# Exercise aim
From the first line to the last, restate every record word for word, leaving out the pictures.

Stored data
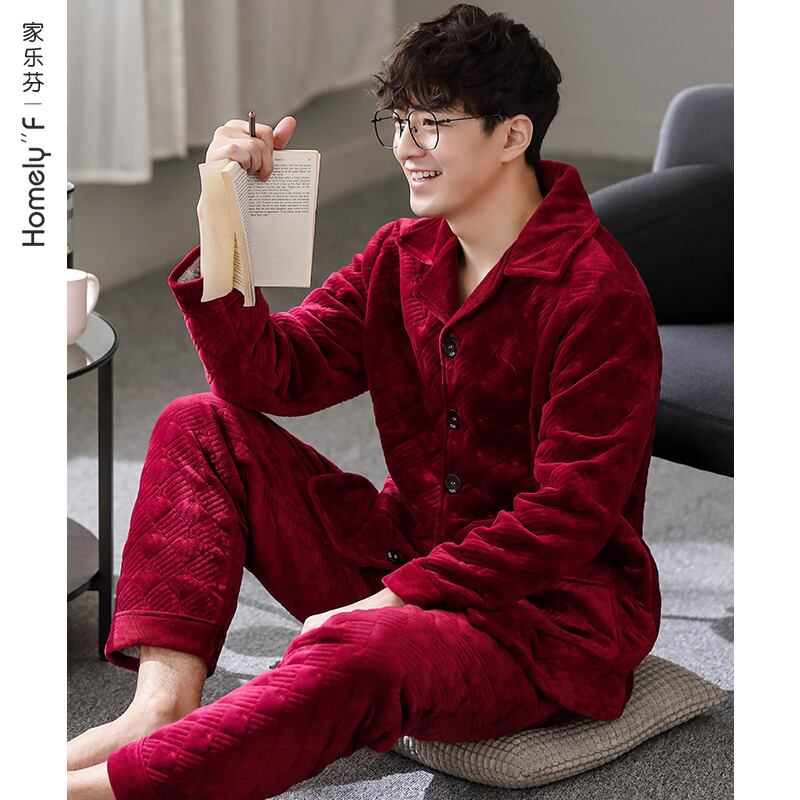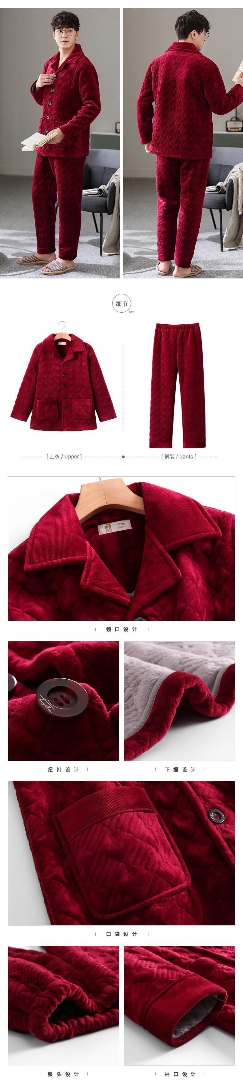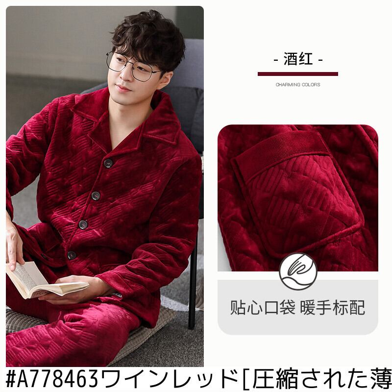 パジャマメンズ秋冬モデル冬厚めキルティングコーラルベルベットプラスベルベットフランネルホームサービスベンミングイヤービッグレッド jial60162327951
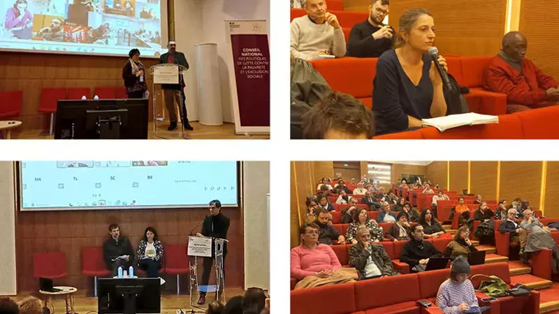 la présentation du rapport « État de la pauvreté en France 2025 - 30 ans de regard sur les pauvretés », par Jean Merckaert, directeur Action Plaidoyer France Europe, et Mathilde Nugue, responsable du département Analyse des pauvretés et territoires, au Secours Catholique-Caritas France.
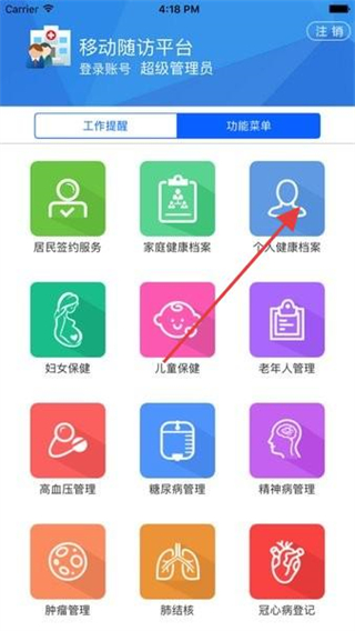 2、在功能菜單頁(yè)面點(diǎn)擊個(gè)人健康檔案選項(xiàng)。
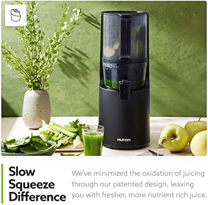 Hurom H-200 Easy Clean Electronic Juicer Machine (Silver) - Self Feeding Slow Juicer w Big Mouth Hopper to Fit Whole Fruits & Vegetables - Healthy Living - Rinse Clean No Scrub BPA Free Easy Assembly
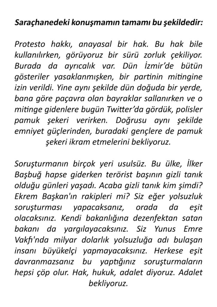 Mansur Yavaş, polisin bazı mitinglerde gösterdiği müsamahanın, İstanbul Saraçhane ve Ankara Kızılay’da sergilenmemesine tepki göstererek, gençlere yönelik biber gazı ve tazyikli su kullanımını eleştirdi. “Bu eleştirimiz, anayasal haklara yönelik farklı muameleyedir. Biz, herkese eşit uygulama istiyoruz.” dedi.
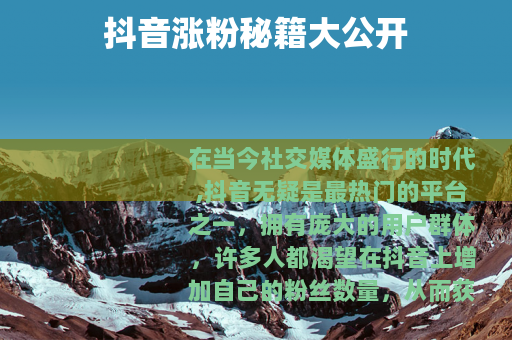 在当今社交媒体盛行的时代,抖音无疑是最热门的平台之一,拥有庞大的用户群体,许多人都渴望在抖音上增加自己的粉丝数量,从而获得更多的关注和影响力,抖音怎么涨粉丝数量呢?以下是一些实用的方法。
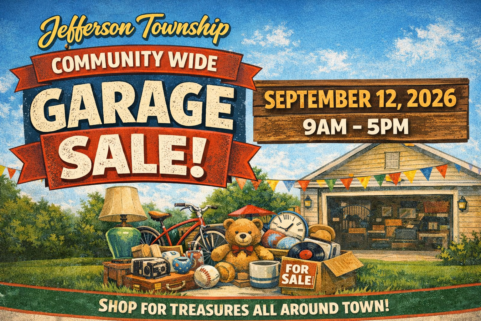 Join us for the Jefferson Township Community-Wide Garage Sale, a fun, township-wide event where residents open their driveways and garages and shoppers explore the community in search of great deals and hidden treasures.
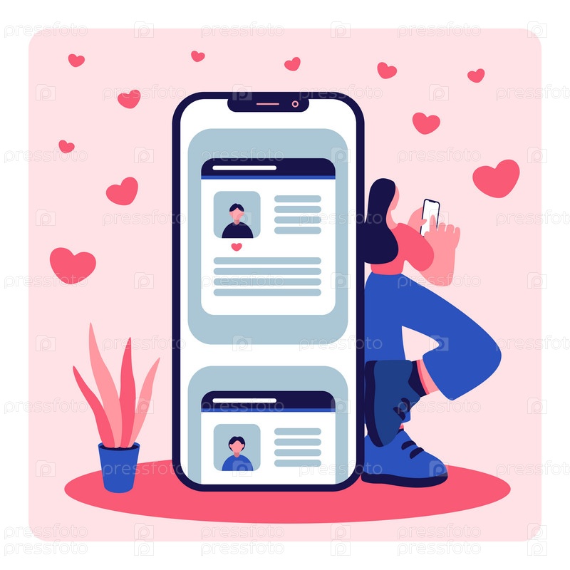 Девушка знакомится в приложении на своем телефоне, нравится парням векторная иллюстрация
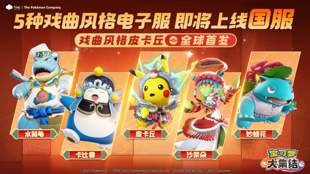 除了新玩法,还有新电子服等训练家们来拿——皮卡丘、妙蛙花、水箭龟、沙奈朵、卡比兽5只宝可梦的【戏曲风格电子服】即将上线国服,其中,戏曲风格皮卡丘电子服是全球首发哦!
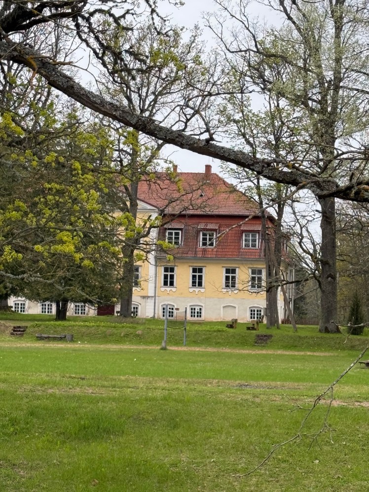 After finally eating, we decided to take a short drive — to the exact place where our food had been delivered: Beļavas muiža (Beļava Manor). Our own home also has “muiža” (manor) in its name, which would loosely translate to Chestnutmanor, so maybe that confused the system. Still, it gave us a reason to go on a small adventure.
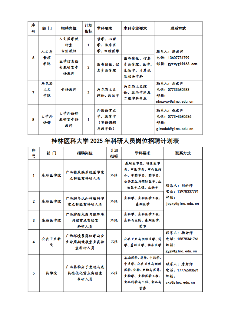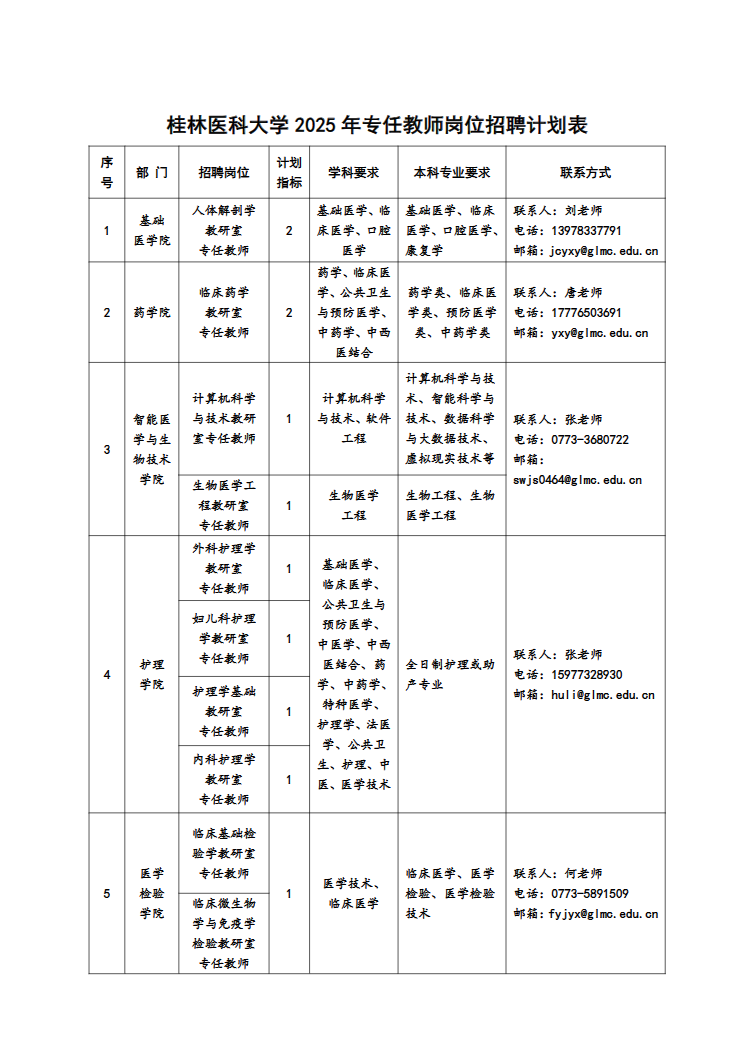 (二)各部門(mén)聯(lián)系方式見(jiàn):桂林醫(yī)科大學(xué)各崗位招聘計(jì)劃表。

# The completed task
 パジャマメンズ秋冬モデル冬厚めキルティングコーラルベルベットプラスベルベットフランネルホームサービスベンミングイヤービッグレッド jial60162327951
 la présentation du rapport « État de la pauvreté en France 2025 - 30 ans de regard sur les pauvretés », par Jean Merckaert, directeur Action Plaidoyer France Europe, et Mathilde Nugue, responsable du département Analyse des pauvretés et territoires, au Secours Catholique-Caritas France.
 2、在功能菜單頁(yè)面點(diǎn)擊個(gè)人健康檔案選項(xiàng)。
 Hurom H-200 Easy Clean Electronic Juicer Machine (Silver) - Self Feeding Slow Juicer w Big Mouth Hopper to Fit Whole Fruits & Vegetables - Healthy Living - Rinse Clean No Scrub BPA Free Easy Assembly
 Mansur Yavaş, polisin bazı mitinglerde gösterdiği müsamahanın, İstanbul Saraçhane ve Ankara Kızılay’da sergilenmemesine tepki göstererek, gençlere yönelik biber gazı ve tazyikli su kullanımını eleştirdi. “Bu eleştirimiz, anayasal haklara yönelik farklı muameleyedir. Biz, herkese eşit uygulama istiyoruz.” dedi.
 在当今社交媒体盛行的时代,抖音无疑是最热门的平台之一,拥有庞大的用户群体,许多人都渴望在抖音上增加自己的粉丝数量,从而获得更多的关注和影响力,抖音怎么涨粉丝数量呢?以下是一些实用的方法。
 Join us for the Jefferson Township Community-Wide Garage Sale, a fun, township-wide event where residents open their driveways and garages and shoppers explore the community in search of great deals and hidden treasures.
 Девушка знакомится в приложении на своем телефоне, нравится парням векторная иллюстрация
 除了新玩法,还有新电子服等训练家们来拿——皮卡丘、妙蛙花、水箭龟、沙奈朵、卡比兽5只宝可梦的【戏曲风格电子服】即将上线国服,其中,戏曲风格皮卡丘电子服是全球首发哦!
 After finally eating, we decided to take a short drive — to the exact place where our food had been delivered: Beļavas muiža (Beļava Manor). Our own home also has “muiža” (manor) in its name, which would loosely translate to Chestnutmanor, so maybe that confused the system. Still, it gave us a reason to go on a small adventure.
 (二)各部門(mén)聯(lián)系方式見(jiàn):桂林醫(yī)科大學(xué)各崗位招聘計(jì)劃表。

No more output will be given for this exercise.